For more detailed setup and advanced configurations, refer to the official Cortex documentation.
Competitor Comparisons
Like Prometheus, but for logs.
Pros of Loki
- Simpler architecture and easier to set up
- More efficient storage for log data
- Better integration with Grafana dashboards
Cons of Loki
- Limited query language compared to PromQL
- Less mature ecosystem and community support
- Fewer built-in features for advanced use cases
Code Comparison
Loki query example:
{app="myapp"} |= "error" | json | rate[5m]
Cortex query example (using PromQL):
rate(http_requests_total{status="500"}[5m])
Both Loki and Cortex are designed for observability, but they focus on different aspects. Loki is primarily for log aggregation and analysis, while Cortex is for metrics storage and querying. Loki's design prioritizes efficiency in storing and querying log data, making it more suitable for organizations with large volumes of logs. Cortex, on the other hand, offers a more comprehensive metrics solution with full PromQL support and advanced features like horizontal scalability and long-term storage.
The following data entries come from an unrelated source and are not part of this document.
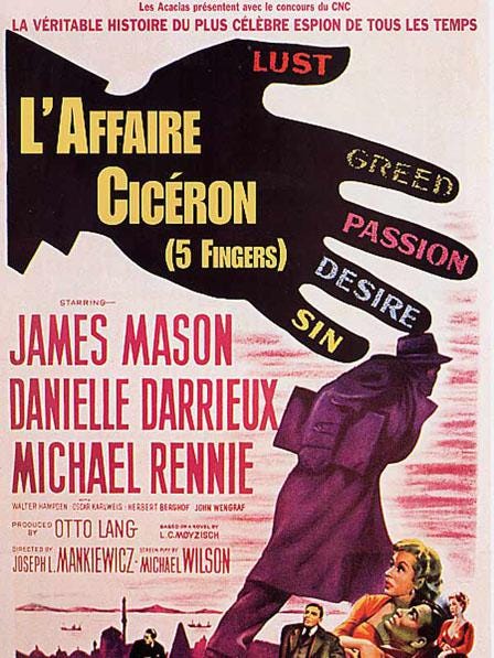 Comme on le sait, après la découverte de l’escroquerie aux fausses livres sterling, Elysea Bazna est redevenu un homme pauvre, harcelé par les créanciers. Il vit d’expédients durant de nombreuses années et, en 1960, décide d’écrire ses Mémoires, comme l’a fait Moyzisch quelques années auparavant. Mais notre homme n’est pas écrivain. Il fait donc appel à un journaliste allemand, Hans Nogly, afin de l’aider à rédiger ses souvenirs. Avant de se mettre au travail, Nogly souhaite s’assurer qu’il n’a pas affaire à un escroc mais bien au véritable Cicéron, le plus grand espion de la Seconde Guerre mondiale. Car depuis 1952, ce nom est passé à la postérité grâce à la sortie du film de Joseph Mankiewicz, Five Fingers (l’Affaire Cicéron), avec James Mason et Danielle Darrieux dans les rôles principaux, librement inspiré du récit littéraire de Ludwig Moyzisch. À l’époque, Bazna avait même essayé de se faire embaucher par le réalisateur, sans succès ; Mankiewicz prétextant qu’il était bien moins intéressé par les faits réels que par la puissance romanesque de l’histoire…
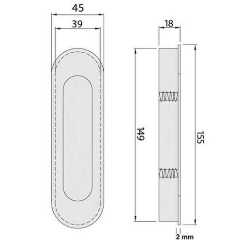 TIRADOR EMBUTIDO INTHER OVALADO TAPA C/MUELLE INOX 304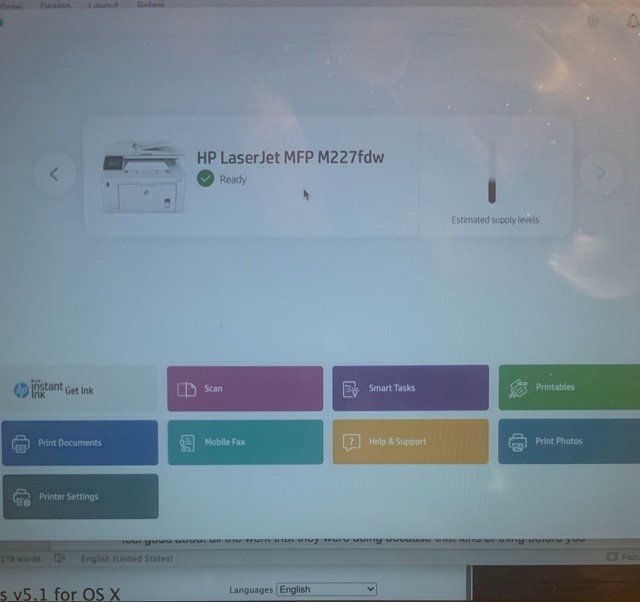 Just tried to print to my HP Color LaserJet Pro MFP M277 dw and got a message pop up on my iMac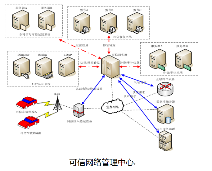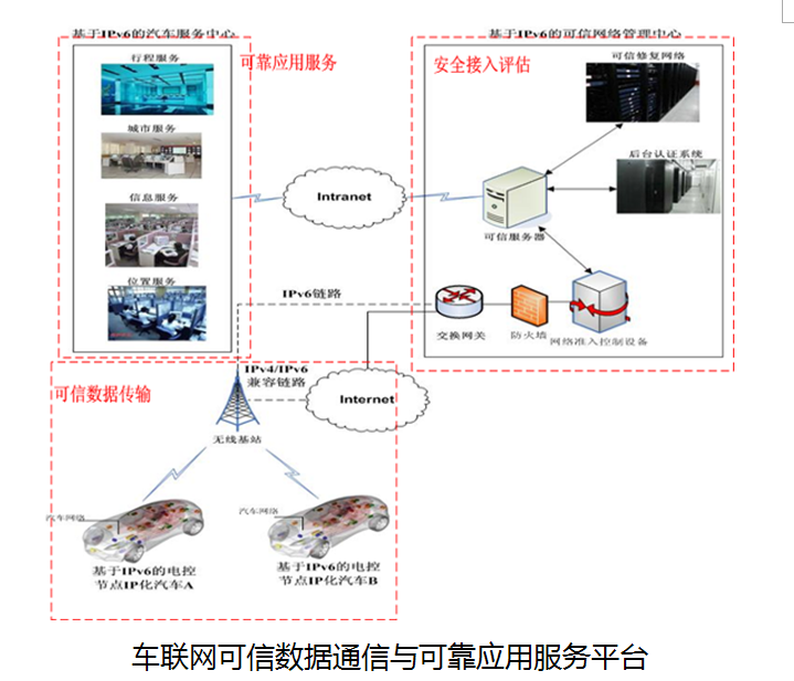 5.车联网的可信数据通信与可靠应用服务平台。本成果对车载信息系统,可信计算、可信移动终端与可信网络架构,新型网络接入、授权、计费,基于策略的网络管理,车联网闭环仿真环境,支持混杂网络的车联网通信中间件,移动IPv6应用于车联网领域等关键技术进行攻关,构建了由接入评估系统、数据传输系统和应用服务系统三部分组成的平台,实现了高安全的可信评估与修复体系、快速高效的信息传输功能,保障了该平台所提供服务的保密性、真实性与完整性。

The choice between Loki and Cortex depends on specific use cases and requirements. Organizations primarily focused on log management may prefer Loki, while those needing a robust metrics solution might opt for Cortex. Some teams use both in conjunction to cover both logs and metrics effectively.
Highly available Prometheus setup with long term storage capabilities. A CNCF Incubating project.
Pros of Thanos
- Simpler architecture, easier to set up and maintain
- Better support for long-term storage and historical data querying
- More flexible deployment options, including sidecar and receive components
Cons of Thanos
- Less efficient for real-time querying of recent data
- Higher storage requirements due to object storage approach
- Limited multi-tenancy support compared to Cortex
Code Comparison
Thanos query example:
thanos_query:
image: thanosio/thanos:v0.24.0
command:
- query
- --store=thanos-store-gateway:10901
- --query.replica-label=replica
Cortex query example:
cortex_query:
image: cortexproject/cortex:v1.10.0
command:
- -config.file=/etc/cortex/config.yaml
- -target=query-frontend
Both projects aim to provide scalable, long-term storage solutions for Prometheus metrics. Thanos focuses on simplicity and historical data querying, while Cortex offers more advanced features like multi-tenancy and real-time querying. The choice between them depends on specific use cases and infrastructure requirements.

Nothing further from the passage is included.